# ClearCode Part 2: AST-Aware Indexing, Vector Stores, and Hybrid Retrieval

## Where Part 1 left us

Part 1 covered the architecture before writing any code: the folder structure, the reasoning behind each layer, and the open questions I did not have answers to yet. The context layer was the piece I expected to spend the most time on.

That turned out to be correct. This post covers what I built there and what I learned.

The end state: a working RAG-powered code assistant that runs as a local REPL. Point it at any codebase and ask questions in plain English. It indexes the source files, embeds them into a vector store, and answers using retrieved context.

* * *

## The chunking decision

The first and most consequential decision in any RAG system for code is how to chunk the source files.

The most common approach in tutorials is RecursiveCharacterTextSplitter: split on a character count, with some overlap. This is the right tool for prose.
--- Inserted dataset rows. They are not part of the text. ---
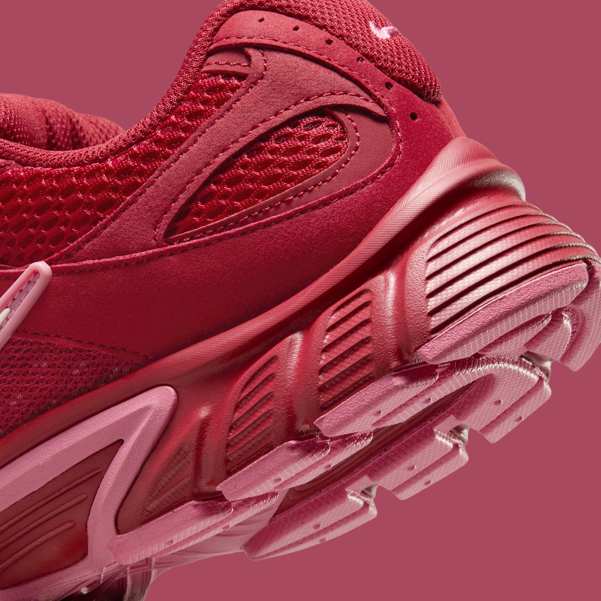 The collar features plush comfort padding to help things feel nice and soft throughout the day. The heelcup shares the same circular mesh cutouts and stiffer overlays as the forefoot. Down below a molded midsole combines deeper scarlet with lighter Peony pigments for a softer contrast of color. Pale-pink hues for the outsole bring it all together with chunky traction segments and defined flex grooves.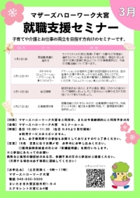 | ★ 3月10日(火) 申込期間:2/21(土)~3/8(日) →「ミニセミナー(10:00~10:30)」も開催します! * 4月14日(火) 申込期間:3/21(土)~当日 ※お子様同伴での参加も可(有料で一時預かりもあり) |
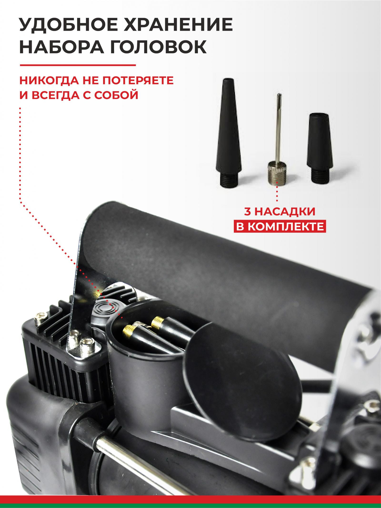 Мощность 200 Ватт — мотор с прямым приводом, что мощнее и надёжнее, чем моторы с зубчатой передачей. Компрессор работает практически бесшумно и без вибраций. При этом производительность устройства – 65 л/мин.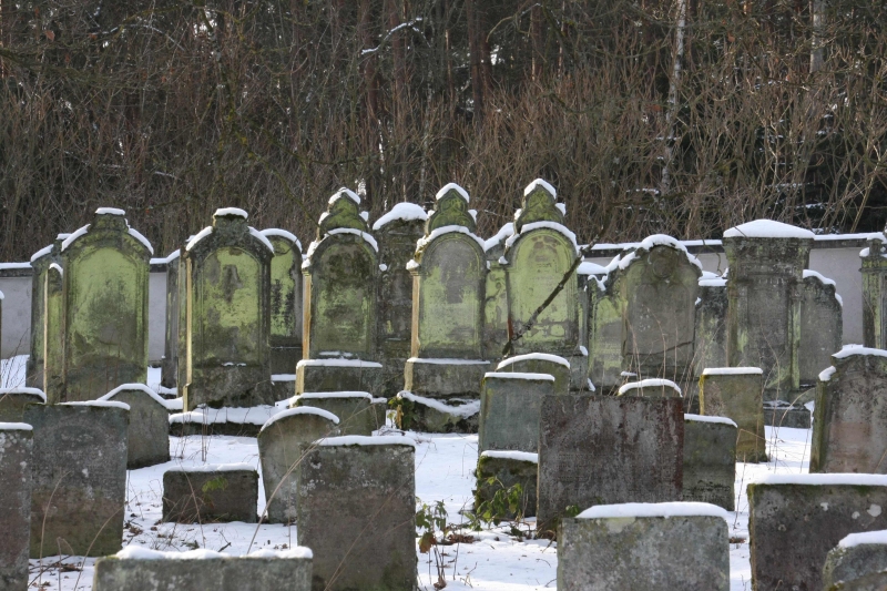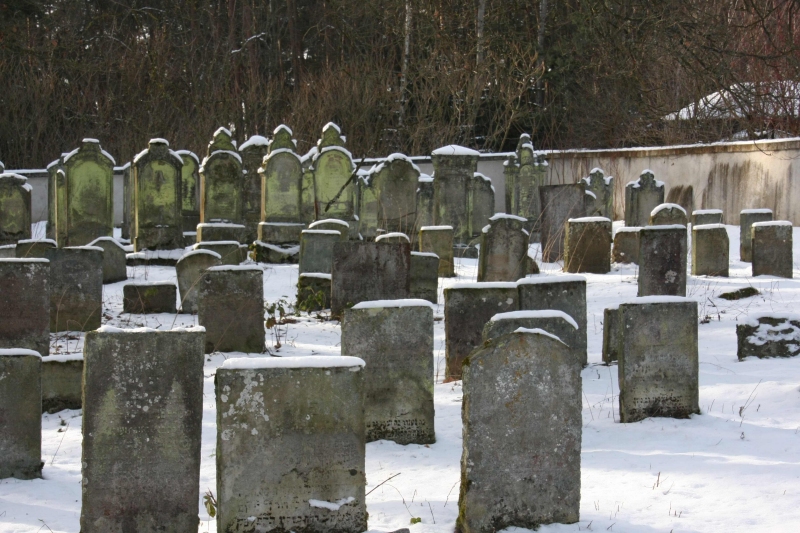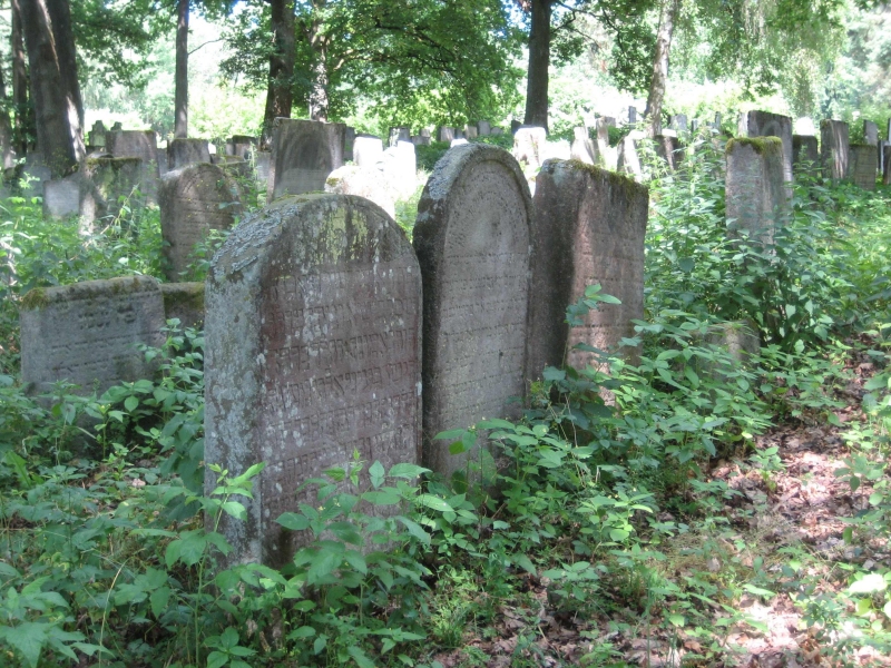 | Beerdigungen: Mehr als 8000 Menschen fanden auf dem Friedhof ihre letzte Ruhestätte. Der älteste Grabstein (Reb Jacob ben Izchak) stammt aus dem Jahr 1603. Nach einer Vermessung vom November 2006 existieren noch 2223 stehende Grabsteine, darunter mehrere Rabbinergrüber. Viele sehr alte Grabsteine befinden sich auf der linken Friedhofsseite. Die Anzahl der erhaltenen Gräber hat sich im Jahr 2013 auf 2394 Grabsteine erhöht. Zu verdanken ist dies der Restaurierungs- und Dokumentationsarbeit von Ruth und Aharon Bruck (s. Dokumentation). |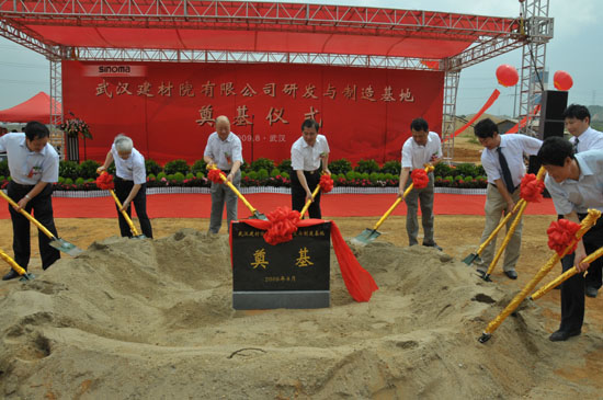 8月8日,在公司成立兩周年之際,中材節能發展有限公司與武漢建筑材料工業設計研究院有限公司的戰略重組又結出首份果實——投資2.4億元、占地面積110畝、規劃建筑面積近7萬平米的研發與制造基地落戶武漢東湖新技術開發區鳳凰產業園,并于當日舉行了開工典禮奠基儀式。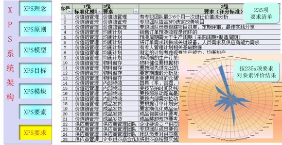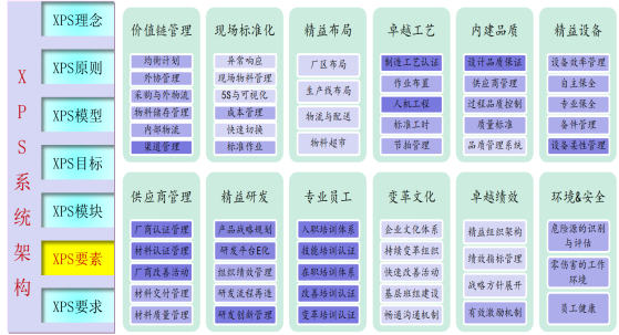XPS持續(xù)變革系統(tǒng)分別從理念,原則,模型、目標(biāo)、模塊、要素。要求等七個(gè)方面進(jìn)行規(guī)劃和建模。既有深度,又有廣度,同時(shí),建立評價(jià)要素和實(shí)施要求,也達(dá)到了集團(tuán)戰(zhàn)略要求迅速推進(jìn)精益變革的戰(zhàn)略要求。
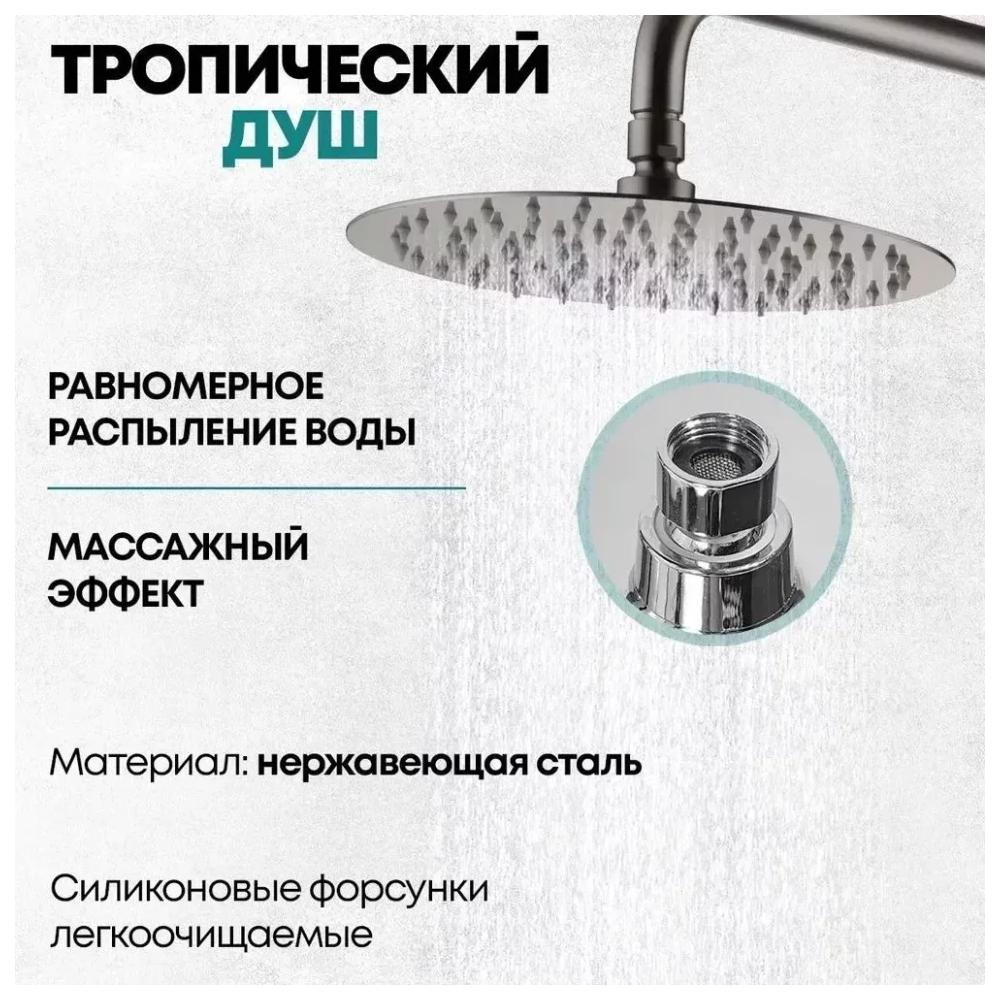 верхний душ, душевая штанга с держателем лейки, ручной душ, смеситель, шланг, эксцентрики, декоративные отражатели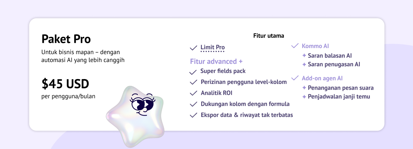 Paket Pro dirancang untuk tim besar yang membutuhkan automasi tingkat lanjut, insight yang lebih mendalam, dan skalabilitas maksimal. Paket ini mencakup limit lebih tinggi: 50.000 kontak, 10.000 leads aktif, 400 kolom kustom, dan 400MB penyimpanan file.

It is the wrong tool for source code.

Character splits break functions at arbitrary boundaries. They separate docstrings from the function bodies they describe. They mix unrelated code into the same chunk because two functions happened to be close together in the file. The embedding model then has to make sense of a fragment that has no semantic coherence, and retrieval degrades accordingly.

The alternative is structure-aware chunking: use the AST to identify the natural boundaries in the code, and make each named block its own chunk.

I used tree-sitter for this. The `code_parser.py` module walks the AST of each source file and extracts top-level named blocks - functions, classes, methods - as atomic chunks. For a Python file with 10 functions, you get 10 chunks, each containing the signature, the docstring, and the full body of one function. For a JavaScript file with classes and methods, each method is one chunk.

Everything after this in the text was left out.